DATASET CONTENT>
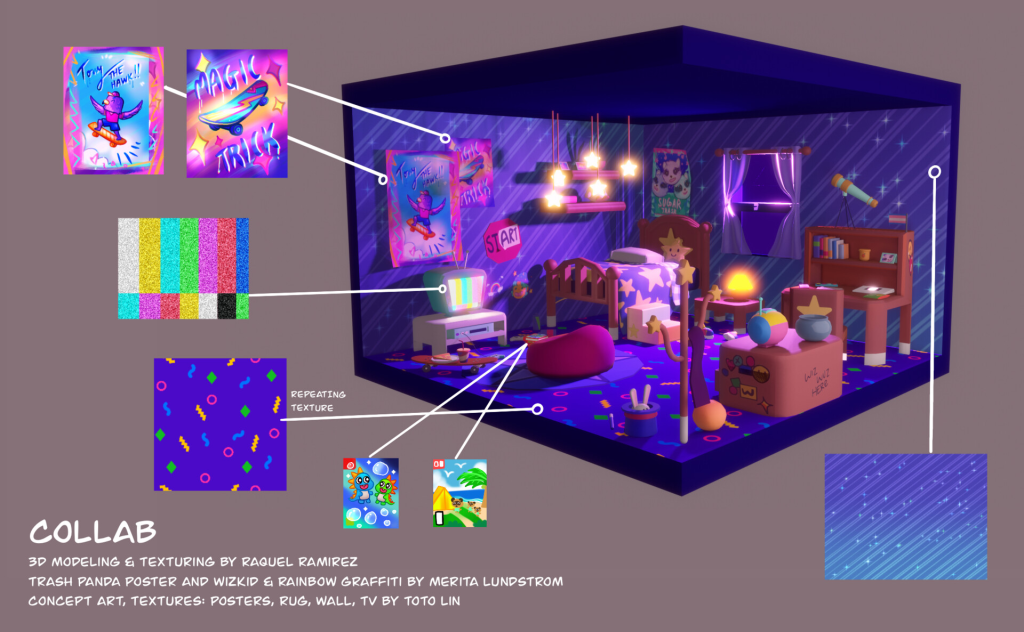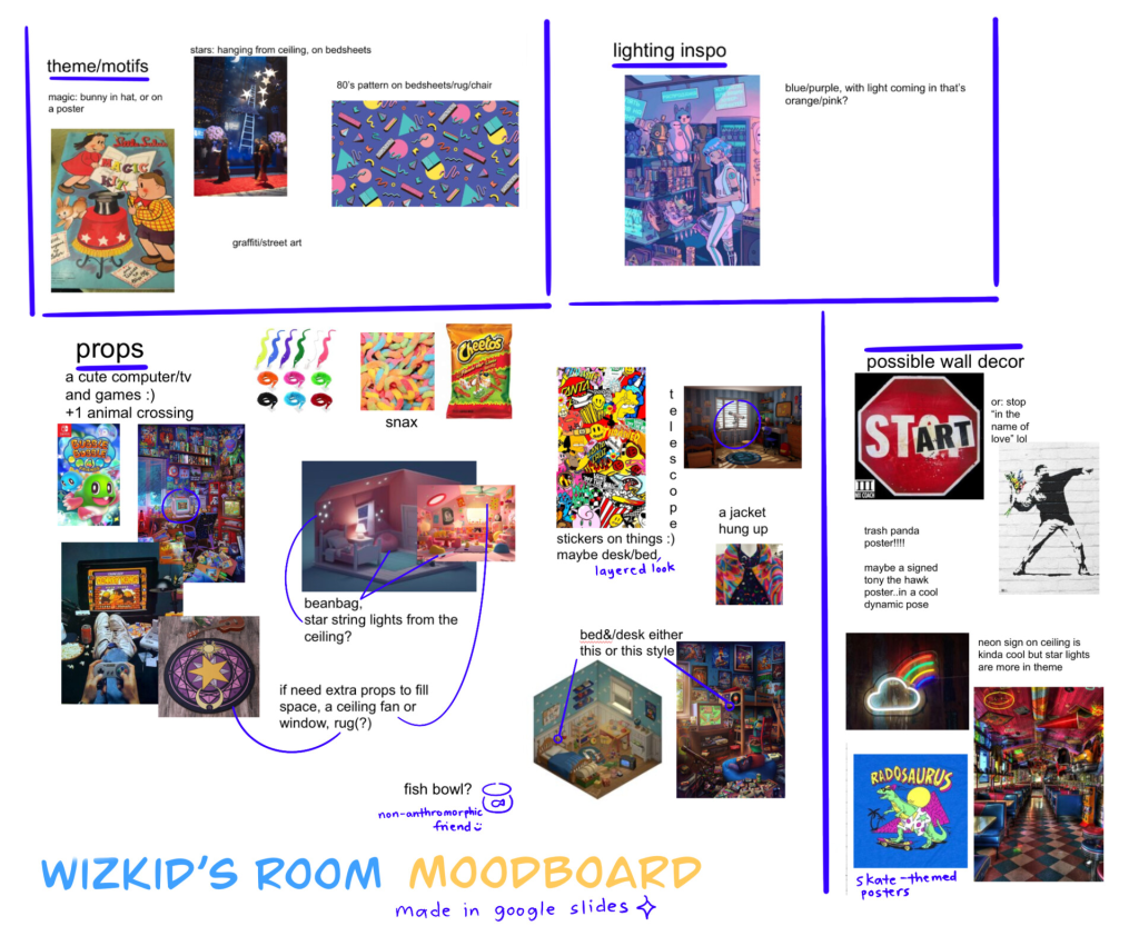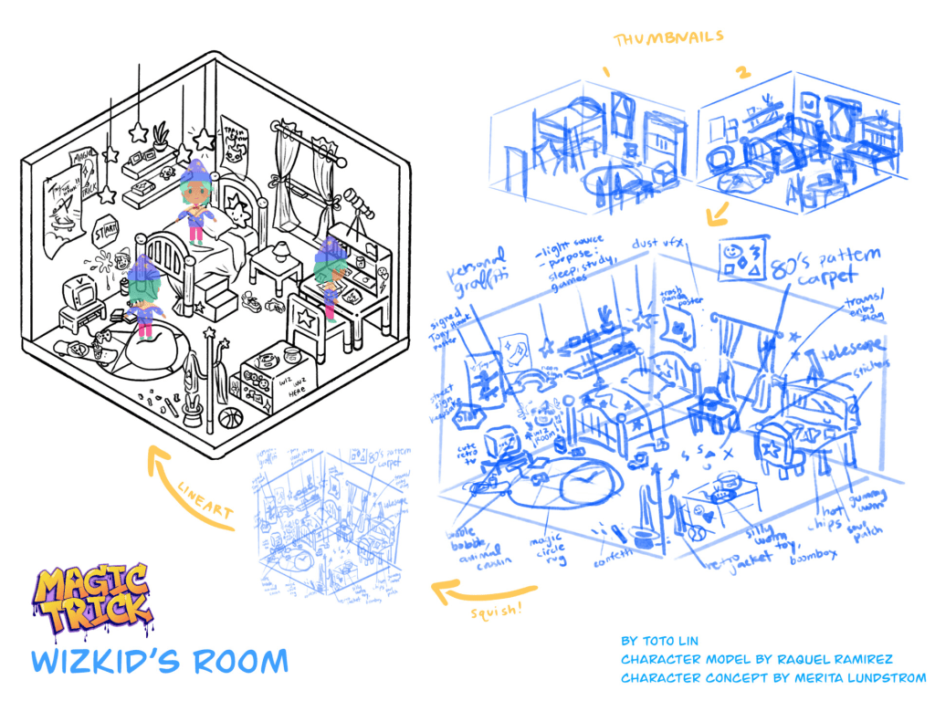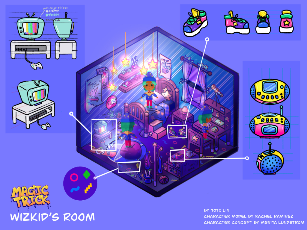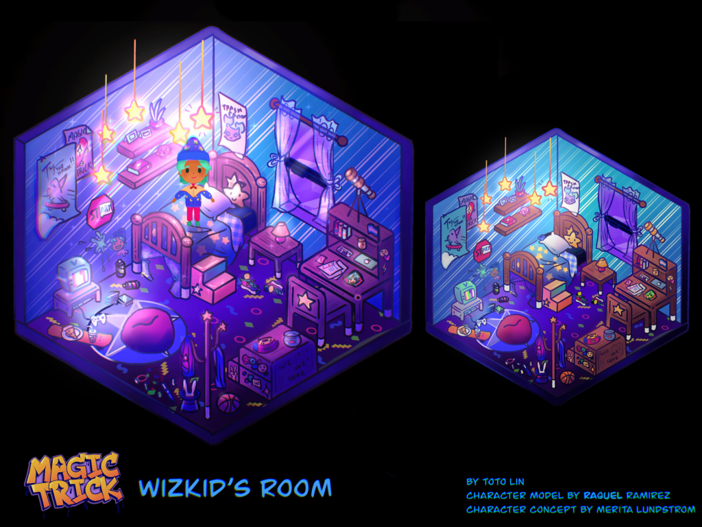 Room concept for WizKid, a wizard kid who can do magical tricks with their skateboard.
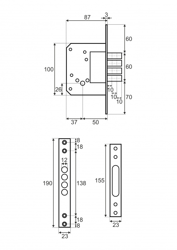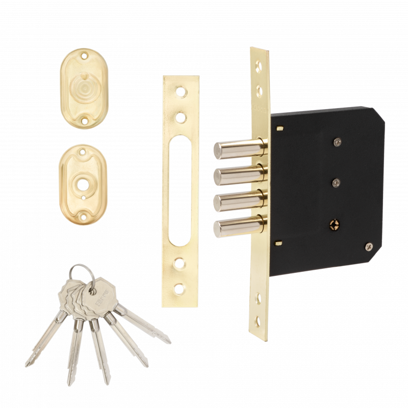Комплектация: - Корпус замка - 5 ключей - Ответная планка - Декоративные накладки - Комплект саморезов.
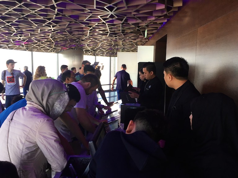 Zaraz po wyjściu z windy zwiedzający są sprytnie przechwytywani przez obsługę do pamiątkowej fotografii. Chwilę później dokonywany jest sprytny montaż fotek, który na naszych oczach powstawał w takim tempie, że nie mogłam nadziwić się wprawie, z jaką obsługująca nas pani obrabiała fotografie.

REQUIRED WORK> The line containing "Комплектация: - Корпус" and every line after it, up to the last line of the data, should be returned exactly, without the pictures.

PROBLEM SOLUTION>
Комплектация: - Корпус замка - 5 ключей - Ответная планка - Декоративные накладки - Комплект саморезов.
 Zaraz po wyjściu z windy zwiedzający są sprytnie przechwytywani przez obsługę do pamiątkowej fotografii. Chwilę później dokonywany jest sprytny montaż fotek, który na naszych oczach powstawał w takim tempie, że nie mogłam nadziwić się wprawie, z jaką obsługująca nas pani obrabiała fotografie.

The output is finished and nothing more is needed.